Cost estimates on cost reimbursement contracts are not to be taken at face value. FAR 15.404-1(d) says a cost realism analysis is the process of independently reviewing and evaluating specific elements of proposed cost estimates to determine if they are realistic for the work to be performed, reflect an understanding of what's required and are consistent with the contractor's technical proposal.  The analysis is mandatory on cost reimbursement contracts. The purpose is to determine probable costs.  The probable (not face value) costs are then used to determine best value.  That's the regulation.

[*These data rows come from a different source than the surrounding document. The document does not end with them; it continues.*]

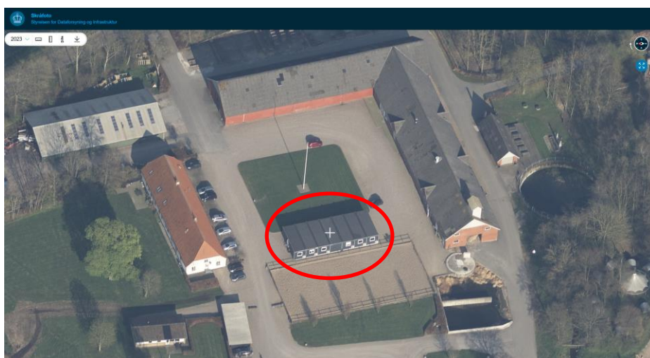
Skråfoto som viser beboelsespavillonen.

Den midlertidige beboelsespavillon anvendes som kollegiebygning for landbrugsskolens elever og landzonetilladelsen ønskes forlænget, da landbrugsskolen stadig oplever massiv tilgang af elever til skolen.
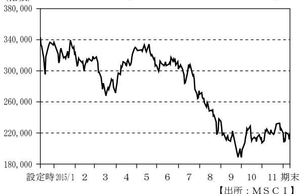
(指数) MSCI ブラジル 25/50 インデックス (円ベース) の推移

(注) MSCI ブラジル 25/50 インデックス (米ドルベース) を当社が独自に円換算した指数を表示しております。
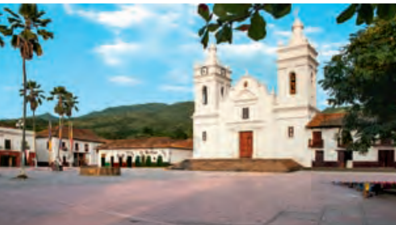
Catedral San Miguel Arcángel

San Miguel de Guaduas fue declarado Bien de Interés Cultural en el año 1959.
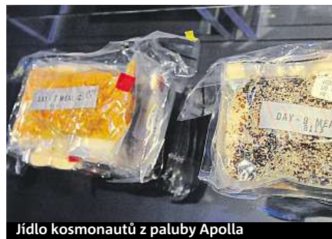
Jídlo kosmonautů z paluby Apollo
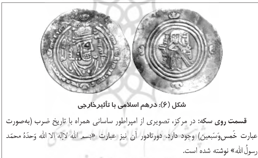
شکل (۶): درهم اسلامی با تأثیر خارجی

مرحله دوم: در این مرحله تصویری شبیه به عبدالملک بن مروان بر روی درهم منقش گردید. در کنار تصویر، با خط کوفی عبارت «أَمِيرَ الْمُؤْمِنِينَ خَلَفْتَنِي بِاللَّهِ» نوشته شد. در روی دیگر درهم نیز سال ضرب آن که ۷۵ ق / ۶۹۵ م است، نگاشته شد. ۲ (شکل ۶) ۳

What does GAO say?  In a recent decision, GAO said that when an agency evaluates proposals, the offeror's proposed estimated costs are not controlling because the government is bound (in cost reimbursement contracts) to pay actual allowable costs.  Based on the cost realism analysis, proposed costs should be adjusted.  FAR 15.404-1(d)(2)(ii).  Government agencies are obliged to employ analysis methods which provide a "measure of confidence" that the "most probable costs" are "reasonable and realistic" in view of the information available at the time of evaluation.

In another decision within the last year, GAO sustained a protest where the agency failed to conduct a meaningful analysis of why it accepted the contractor's proposed costs at face value.  GAO said: "When an agency evaluates proposals for the award of a cost-reimbursement contract, an offeror's proposed costs are not controlling since such costs may not accurately reflect the actual costs the government will incur."  It's really a "should cost" exercise.  GAO will test the agency evaluation to see if it is "reasonable, not arbitrary, and adequately documented."  GAO will sustain a protest where the cost realism analysis is not adequately documented.

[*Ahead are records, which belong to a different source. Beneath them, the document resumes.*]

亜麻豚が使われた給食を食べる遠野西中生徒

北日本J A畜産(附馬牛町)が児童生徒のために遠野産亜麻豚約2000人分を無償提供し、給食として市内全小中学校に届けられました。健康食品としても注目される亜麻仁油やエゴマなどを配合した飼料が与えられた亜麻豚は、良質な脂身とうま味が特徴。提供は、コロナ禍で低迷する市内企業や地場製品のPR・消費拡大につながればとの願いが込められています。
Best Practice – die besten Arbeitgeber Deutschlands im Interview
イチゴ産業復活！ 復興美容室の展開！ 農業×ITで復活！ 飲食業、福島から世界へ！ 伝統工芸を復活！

The government is not required to conduct an in-depth cost analysis or to verify each and every cost item.  Determination of the probable cost is, after all, a matter of informed judgment.  But the judgment must be rational.  The cost realism analysis must be performed with an eye to what the contractor proposes in its technical proposal.  It is not rational for an agency to apply the same mechanical test and analysis to all contractors without reference to their specific technical approaches.  And even where the contractor puts a cap on its costs, an agency must still consider whether capping costs may so constrain the contractor that its ability to perform the work may be impaired.

Perhaps the biggest area of costs open to question is the estimated number of labor hours required to perform the work.  Proposed staffing levels may be unrealistic according to any number of measurements (the technical proposal itself and prior staffing levels for similar work).  Whether labor rates are realistic also is often challenged.

In the end, the cost analysis should be used to test the contractor's risk of nonperformance.  Performance risk in today's world is of the highest concern.  A proper cost analysis should inform the government's assessment of the performance risks.